702. Efficacy and safety of telavancin in the treatment of Gram-positive bloodstream infections in cancer patients
Session: Poster Abstract Session: Antimicrobials: Novel Agents
Friday, October 4, 2013
Room: The Moscone Center: Poster Hall C

Background: Infections caused by gram-positive bacteria, particularly methicillin-resistant Staphylococcus aureus (MRSA), are an important cause of morbidity and mortality in cancer patients. The creeping of vancomycin MICs among MRSA isolates has been associated with poor outcome. Thus, alternative antibiotics covering these pathogens such as Telavancin, a once-daily lipoglycopeptide, displaying strong bactericidal activity against S. aureus and other Gram-positive pathogens are warranted.

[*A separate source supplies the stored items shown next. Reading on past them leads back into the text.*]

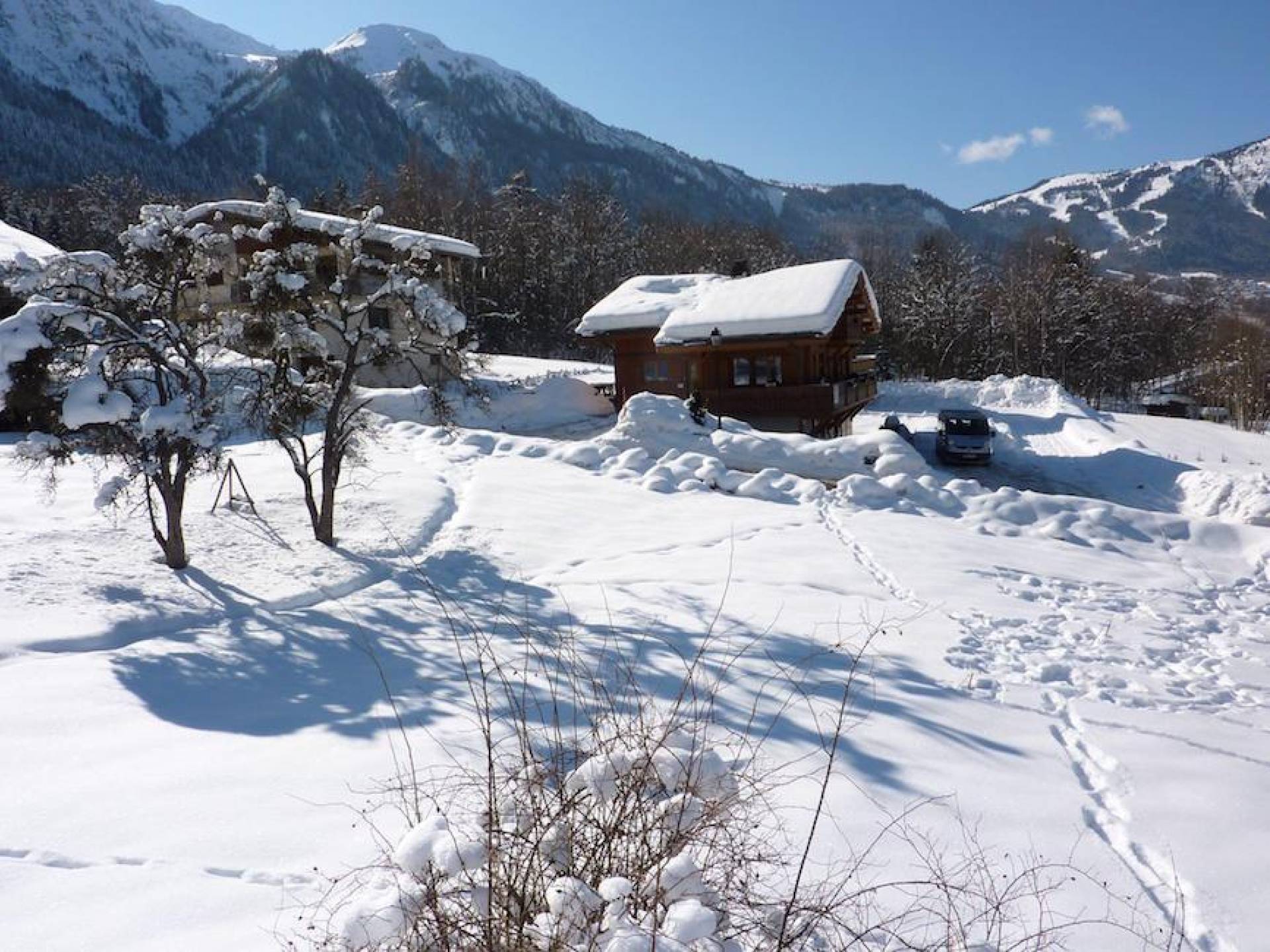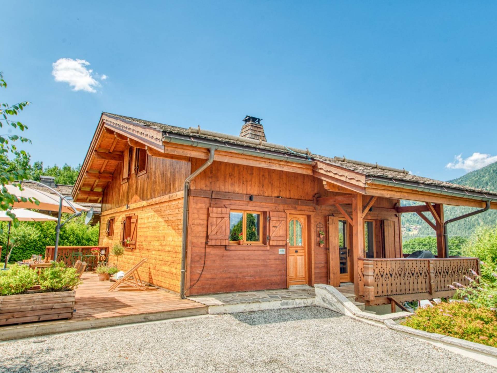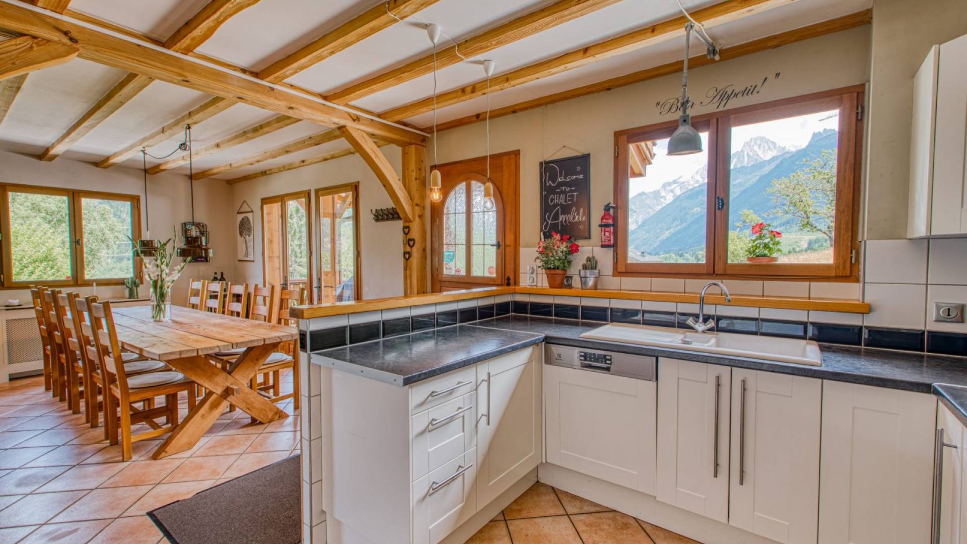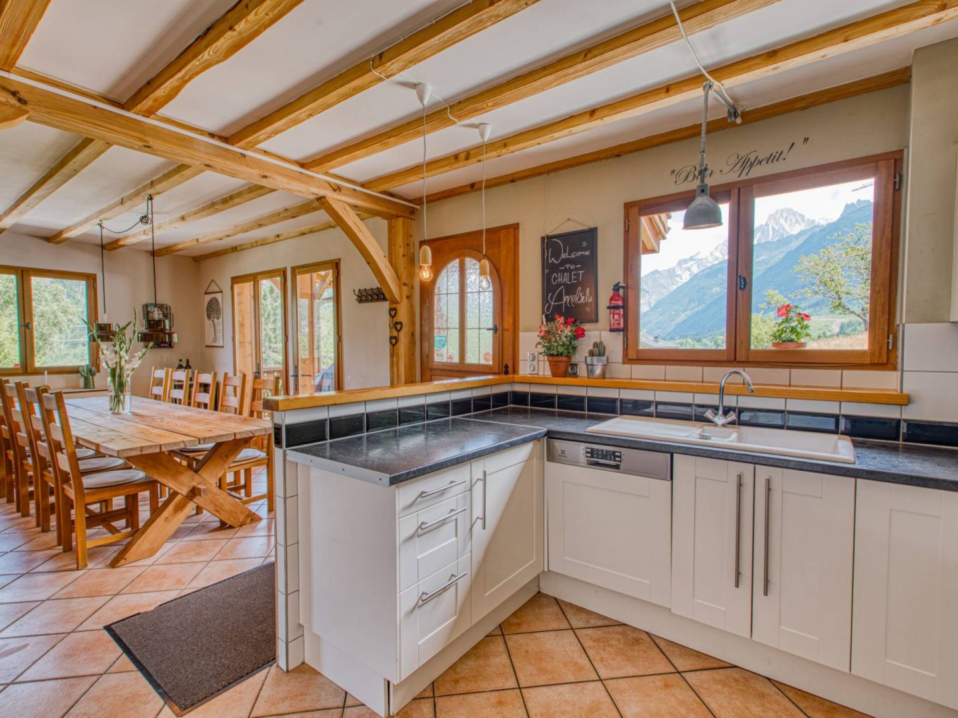 Cocina moderna de planta abierta con encimera de gas Smeg y horno doble, microondas, lavavajillas, lavadora, frigorífico con congelador grande, cafetera. Casillero de esquí externo seguro. Sala de botas de esquí interior climatizada. Zona de terraza orientada al sur con bañera de hidromasaje con vistas al macizo del Mont Blanc, grandes jardines, en una calle sin salida. Amplio estacionamiento para invitados fuera de la carretera para más de 7 vehículos en 2 entradas privadas.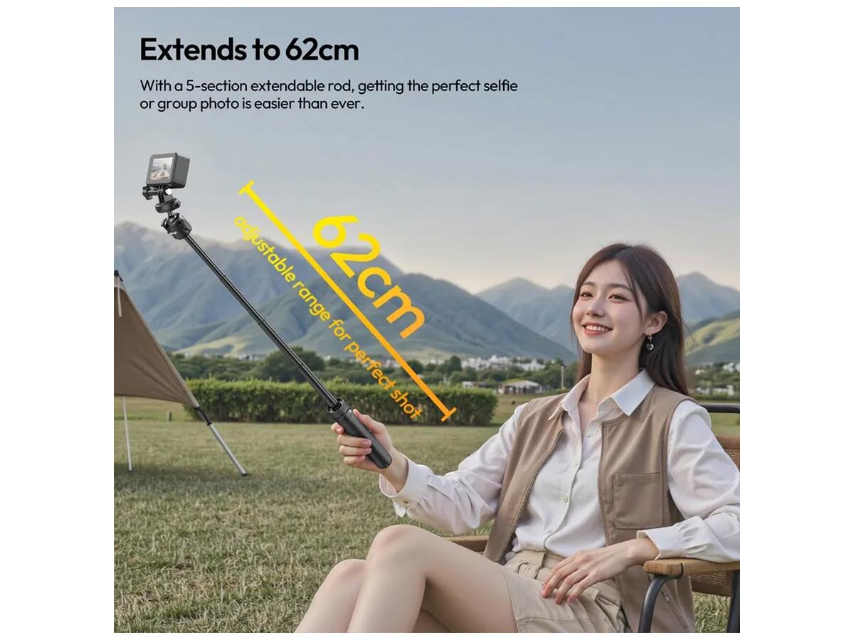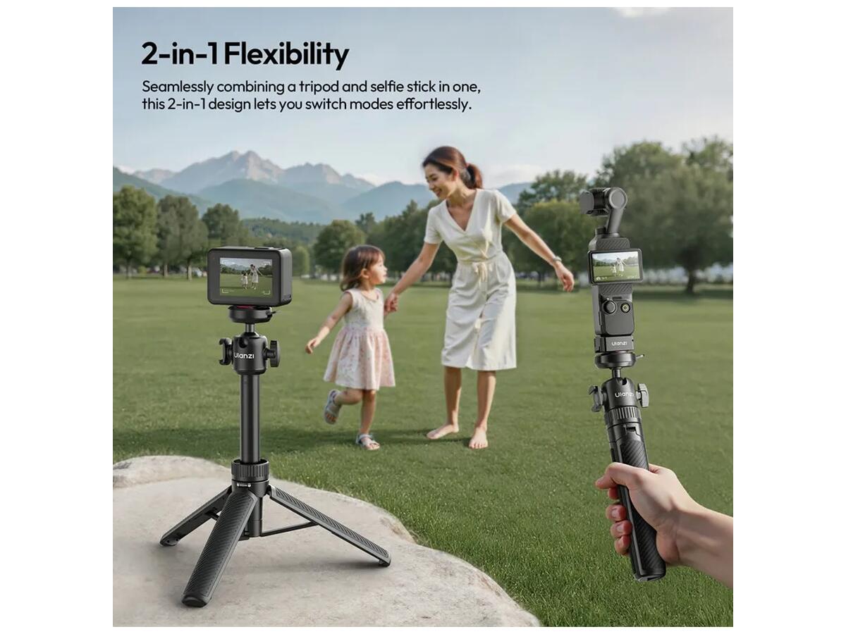 Этот легкий и удобный штатив от Ulanzi сочетает в себе функции классического трипода и селфи-палки, что делает его незаменимым аксессуаром для мобильной съемки и видеоблогинга. Модель MT90 оснащена пятисекционной телескопической штангой с надежными фиксаторами, позволяющими раздвигать штатив от 21.5 см до 62 см, что обеспечивает максимальную универсальность для съемки разных сцен.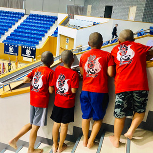 ▲団体形 準優勝/団体組手 優勝のチーム「丸坊主三兄弟」(笑)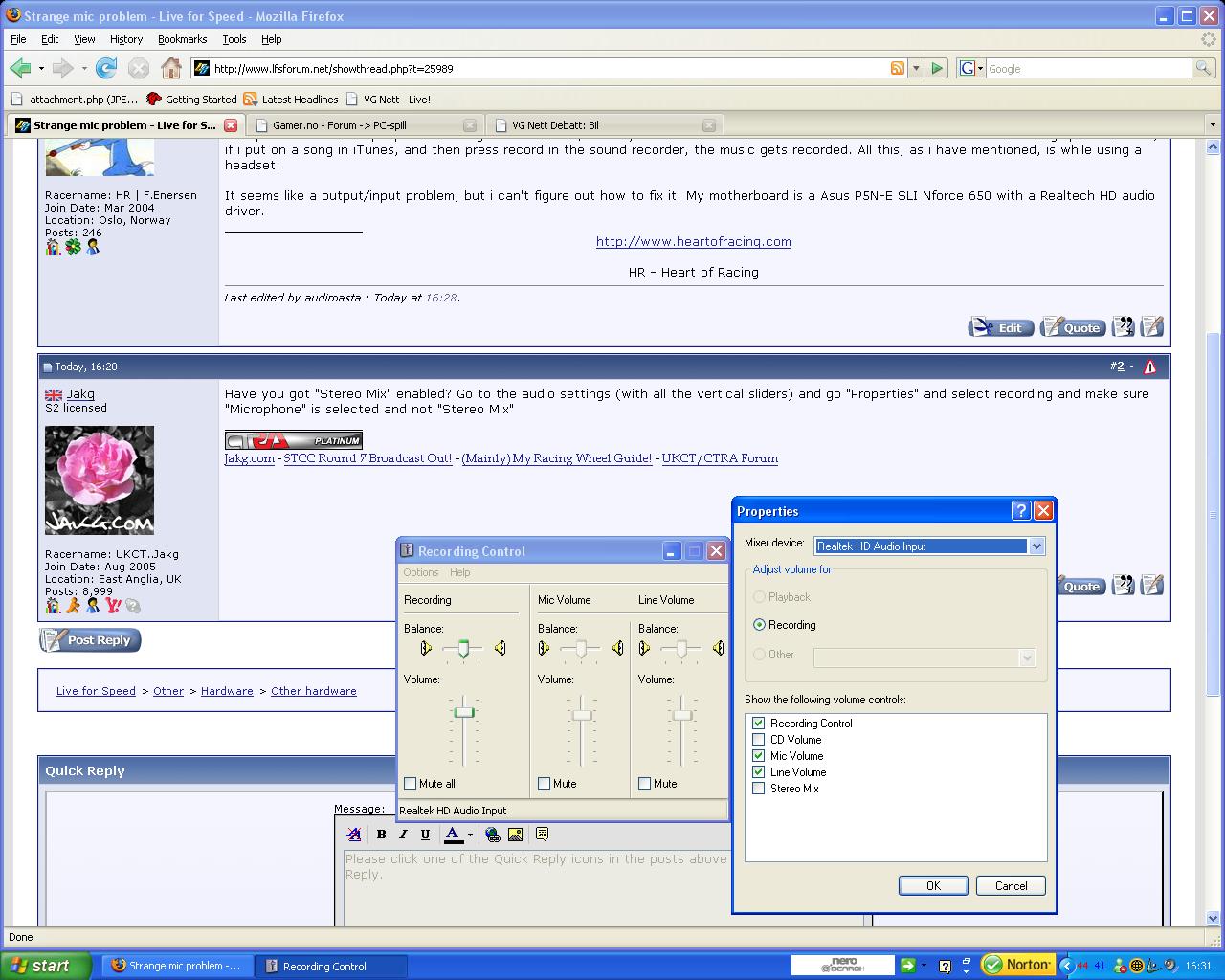 It seems like a output/input problem, but i can't figure out how to fix it. My motherboard is a Asus P5N-E SLI Nforce 650 with a Realtech HD audio driver.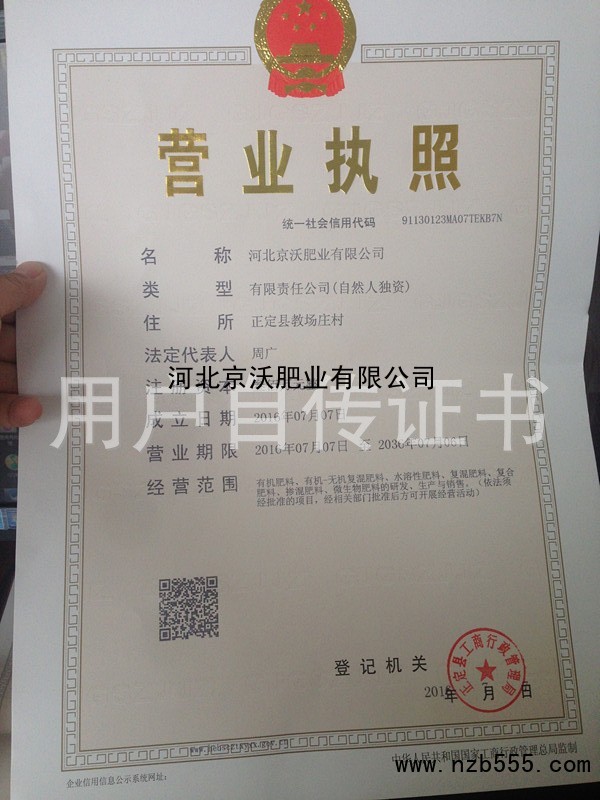 首頁 > 榮譽(yù)資質(zhì) > 河北京沃肥業(yè)有限公司

Methods: Between March 2011 and March 2013, we evaluated the clinical efficacy and safety of telavancin for treatment of Gram-positive bloodstream infections (BSI) in cancer patients. Patients with uncomplicated Gram-positive BSIs received intravenous telavancin for at least 14 days for Staphylococcus aureus and 7 days for other Gram-positive cocci. Patients with baseline creatinine clearance (Cr Cl) > 50 ml/min received a daily dose of 10mg/kg and those with Cr Cl between 30-49 ml/min received a dose of 7.5 mg/kg. Patients were followed for 1 month after the last dose of study drug.

Results: A total of 36 patients were enrolled.  The majority of patients had hematologic malignancy (61%), solid tumor (43%) and 6 patients (16%) had undergone stem cell transplantation. Eighteen patients (50%) had persistent neutropenia.  The most common pathogens causing BSI were Staphylococcus aureus (n = 18), followed by alpha-hemolytic Streptococci (n=6), Enterococcus (n=6), coagulase-negative Staphylococcus (n=5), and beta-hemolytic Streptococci (n=1). The overall clinical success rate was 88.6% and microbiological eradication rate within 96 hours of study medication initiation was 94%. Drug-related adverse events occurred in 31% of the patients, whereas adverse events sufficient to stop telavancin occurred in 16% with the majority due to renal toxicity. Creatinine level increased by at least double from baseline in 4 patients (12%). However, the creatinine levels of these patients decreased to baseline levels by the end of the follow-up period.

Conclusion: Treatment with telavancin for gram-positive BSI in cancer patients was generally effective and safe and may provide a useful alternative to standard vancomycin therapy.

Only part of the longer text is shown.